The new articles about PSM or OPC with 248nm systems as well as the early UT articles using CYMI Lasers for 0.08u features all lead me to believe that we cannot count out DUV yet. There is still a synchrotron ring for X-ray litho in Munich, I think, at an institute.

the time will come for e-beam, make no mistake about it. I just do not see it in the very near future based on cost and throughput. Now there is the rub, cost and throughput. This is why I put a great deal of emphasis in a prior reply here relative the UTEK and the Ultrabeam.

IF (and boy do I mean IF in capital letters) a cost effective, relatively high throughput, direct write system like the Ultrabeam actually come to fruition, it could displace DUV in certain niche manaufacturing sites where the manufacturing enterprise is based on high mix and low volumes. Direct write eliminates the need for reticles, which are now becoming one of the most costly parts of the process. Being able to prototype devices and make numerous design changes on a wafer prior to going into production would allow for the qualification of a device on a wafer. Think about it. You could alter the design slightly to run the full specification limits for the device all on one wafer and see how robust the design is through the rest of the process steps.

I have high hopes for direct write technology but I still see a solid future for DUV over the next 3-5 years, at a minimum. This is too far out to be worried about. HOWEVER, I must admit that a limited use of e-beam for super crtical levels like gate definition could be done in a mix and match configuration for specific devices.
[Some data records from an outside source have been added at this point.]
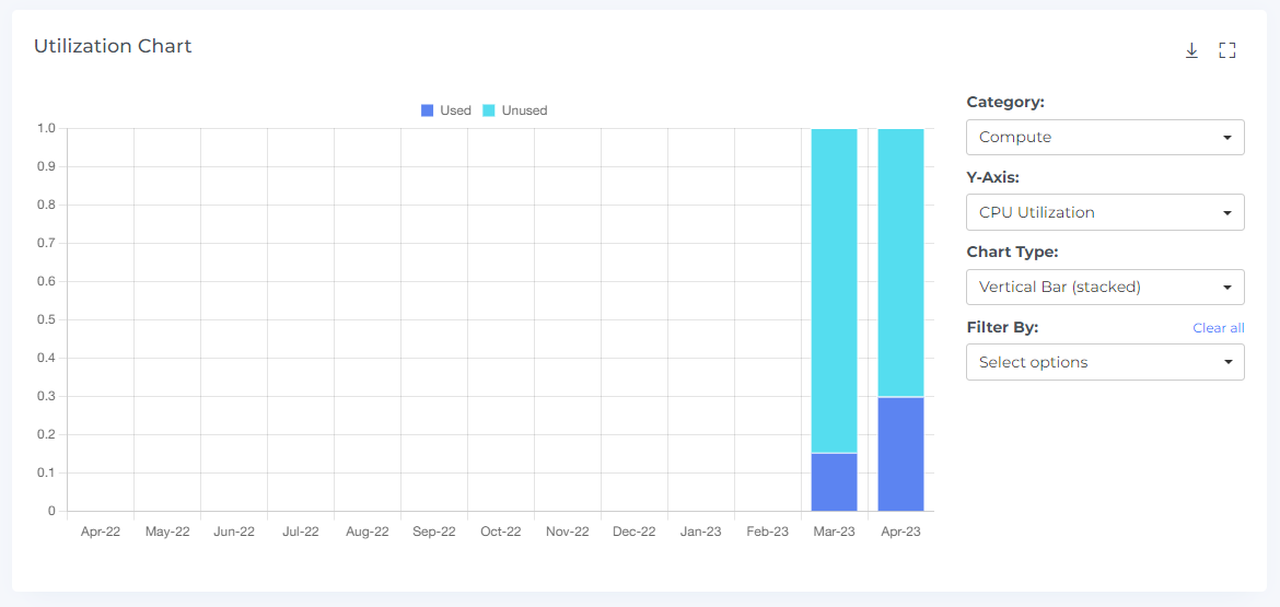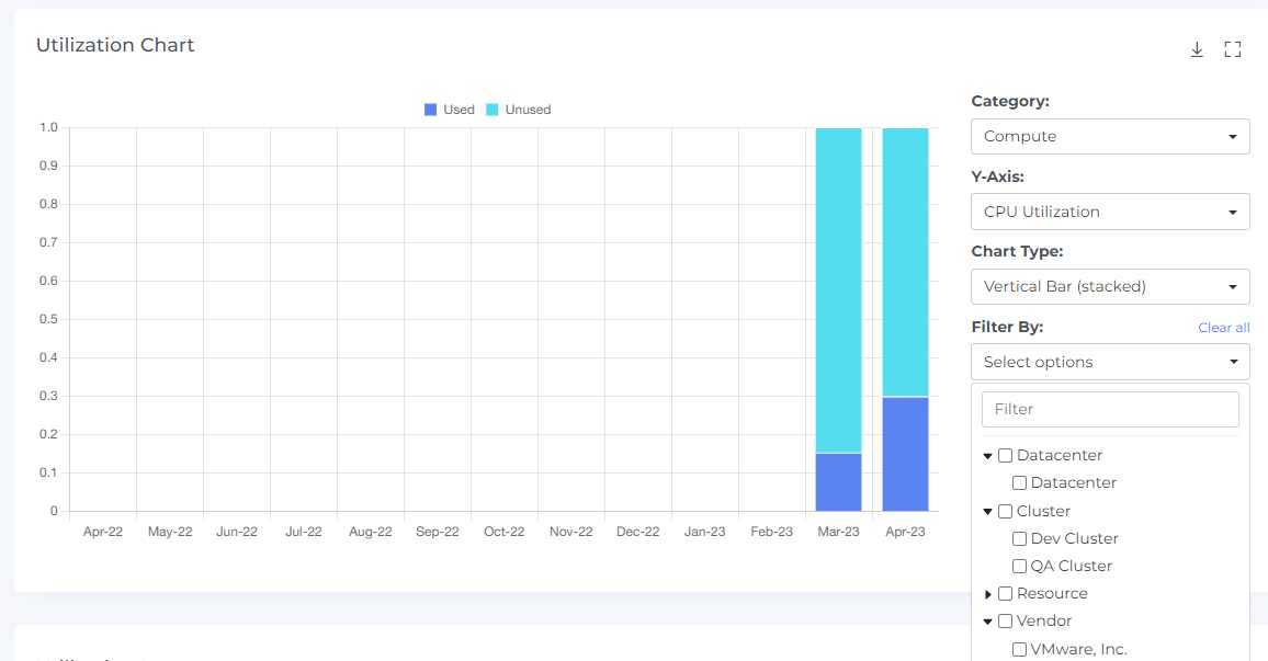 The Utilization Chart allows you to filter the data using various options. For example, you can filter the data by resources, or usage type to narrow down the data and focus on specific aspects of your usage. This can help you better understand and analyze your datacenter usage.
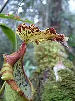 Rosette and lower pitchers are ovoid in the lower part, becoming cylindrical above. They are large, growing to 33.5 cm high by 6.8 cm wide. A pair of fringed wings (≤0.5 cm wide) runs down the ventral surface of the pitcher cup. Fringe elements are up to 1.9 cm long. The pitcher mouth is ovate and elongated into a short neck at the rear. The greatly expanded peristome may be up to 5.8 cm wide at the sides. Its inner margin is lined with distinct teeth, with those of the neck reaching 0.4 cm in length. The pitcher lid or operculum is ovate and has an unusual undulate margin. It measures up to 8.5 cm in length by 7.2 cm in width and has a cordate base. Four to five pairs of veins are visible on the upper surface of the lid. The lid bears two prominent appendages on its lower surface. The first is a hooked basal crest up to 0.7 cm long. The second is a triangular, dichotomous appendage present near the apex. This unique feature measures up to 1.4 cm in length and bears large nectar glands (0.5 to 1 mm in diameter). Smaller glands (0.1 to 0.5 mm in diameter) are concentrated along the midrib. An unbranched spur (≤2.8 cm long) is inserted near the base of the lid.[2]
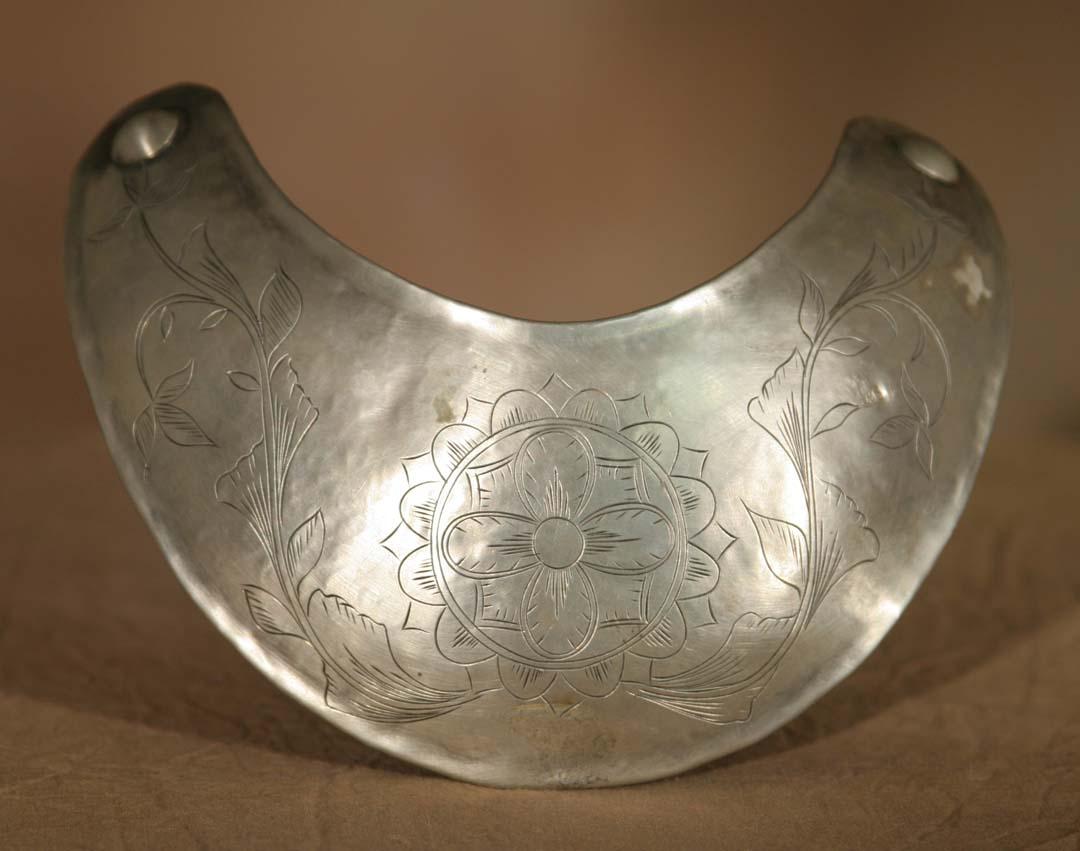 Trade Silver Gorget. 5 1/2" x 2 ¾". With engraved design, hallmarked "RG". 18th century. (est $1,500-2,500). For condition reports please visit: www.auctioninsantafe.com/cr2011.pdf

Who knows, this might be the ticket for the advanced processors with the 1.2 GHz and above speeds and eliminate the binning of parts by speed.<GGG>

AV



To: Demosthenes who wrote (1189)2/29/2000 12:46:00 PM
From: FJB  Respond to of 1305
 
PREVAIL uses masks, so it's not direct write. It is also totally unrelated to Ultrabeam.
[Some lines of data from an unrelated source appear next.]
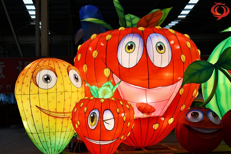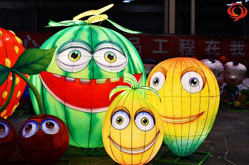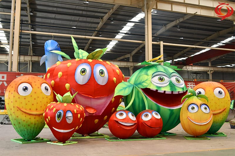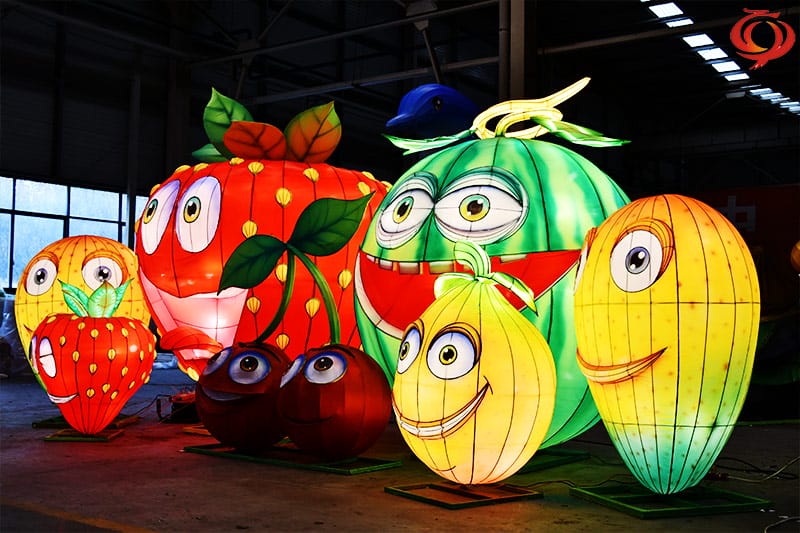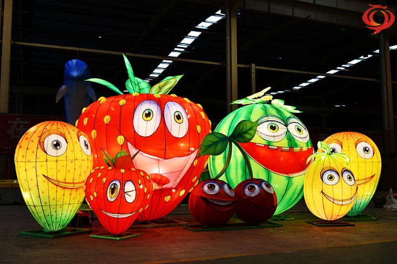 水果主題花燈,該花燈燈組主要有西瓜花燈、櫻桃花燈、芒果花燈、草莓花燈等造型,寓意著甜甜蜜蜜。
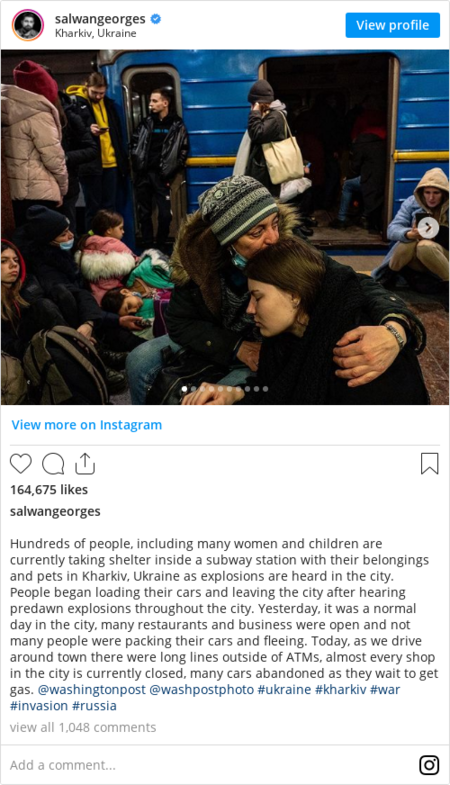 Photo of the week (Heidi Levine for The Washington Post) | After Russian troops launched their attack on Ukraine this week, tens of thousands of Ukrainians began to flee the country as their lives were suddenly upended by missiles and shelling. Across the nation, long lines built up at ATMs, gas stations and grocery stores, traffic jammed the streets and people were seen carrying suitcases as they waited at bus stations to leave. Above, Diana Kostro,18, and Nikolay Sychygov embrace on Thursday as they wait for a bus to escape Kyiv for Poland. Post photographers are capturing the scene across Ukraine and you can find their latest work here. |
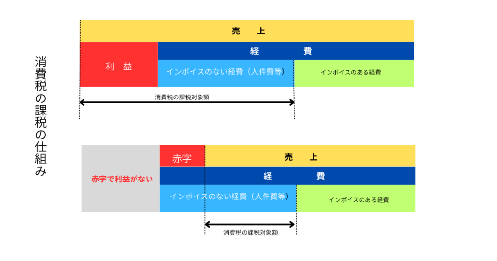 赤字であろうと、総売り上げからインボイスのある経費を除いて残った金額に課税される。
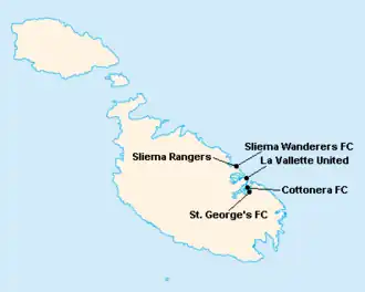 L'île de Malte étant relativement petite, les clubs évoluent tous au stade National Ta'Qali (17 400 places). Certains cependant ont leur propre enceinte qu'ils peuvent éventuellement utiliser.
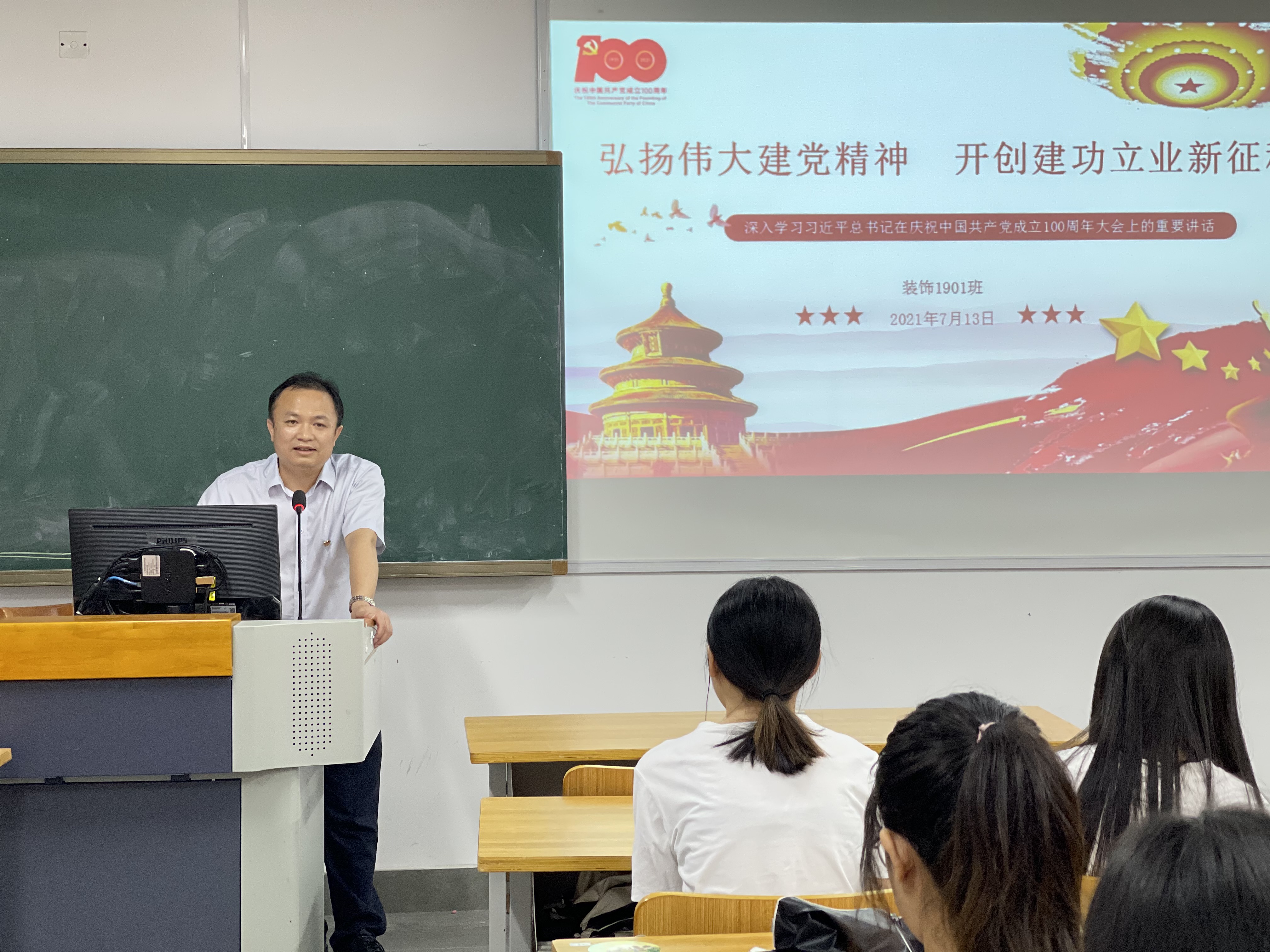 广西建院7月21日讯(艺术设计系 韦世锋)7月13日下午,艺术设计系建筑装饰1901班团支部在六号教学楼403教室开展“弘扬伟大建党精神·开创建功立业新征程”主题班会,深入学习贯彻习近平总书记在庆祝中国共产党成立100...
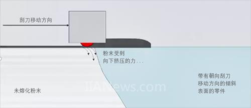 上圖 — 加粉刮刀和零件斜邊的相互作用。

To: Demosthenes who wrote (1189)2/29/2000 12:50:00 PM
From: Jim Oravetz  Respond to of 1305
 
IBM to disclose details of new photoresist for 0.10-micron processing
By Jack Robertson, Semiconductor Business News
Feb 25, 2000 (7:13 AM)
URL: semibiznews.com
EAST FISHKILL, N.Y. -- IBM Corp.'s Microelectronics Division will tell the SPIE Microlithography Conference next week in Santa Clara, Calif. that it has licensed JSR Inc. of Japan to produce a new photoresist capable of taking 248-nanometer exposure tools down to 0.10-micron processing. George Gombo, manager of lithography at East Fishkill, said the Japanese firm is expected to have the new resist on the market in the first half of this year. He said IBM is already using the material extensively in its own chip operations. The new resist uses bilayer imaging to extend the range of krypton fluoride (KrF) 248-nm tools. Gombo said it is a silicon-containing resist with high etch resistive and anti-reflective coating. He said the extreme 0.10-micron processing is for application-specific circuits, but can be used for both memory and logic chips.
IBM will also provide more details at the SPIE meeting on its custom optics system that is part of the cooperative development with Nikon Inc. for a next-generation electron beam projection lithography system. Gombo said the new high-emissive optic system has a large numerical aperture (NA) up to 0.7 and supports a large area exposure for greater tool throughput.
A second paper will describe the projection reduction exposure technique using variable immersive lenses. Gombo said this corrects a problem of electron-beam exposure systems in which the electron beam width passing through the mask is sometimes degraded by electron repulsion. The IBM optics minimize the electron interaction with the mask and allow undistorted exposure on the wafer.
IBM will also provide the first details of e-beam mask developments coming from its joint venture with Photronics Inc. (see July 12, 1999 story). Gombo said initial research results on both membrane and stencil masks will be presented.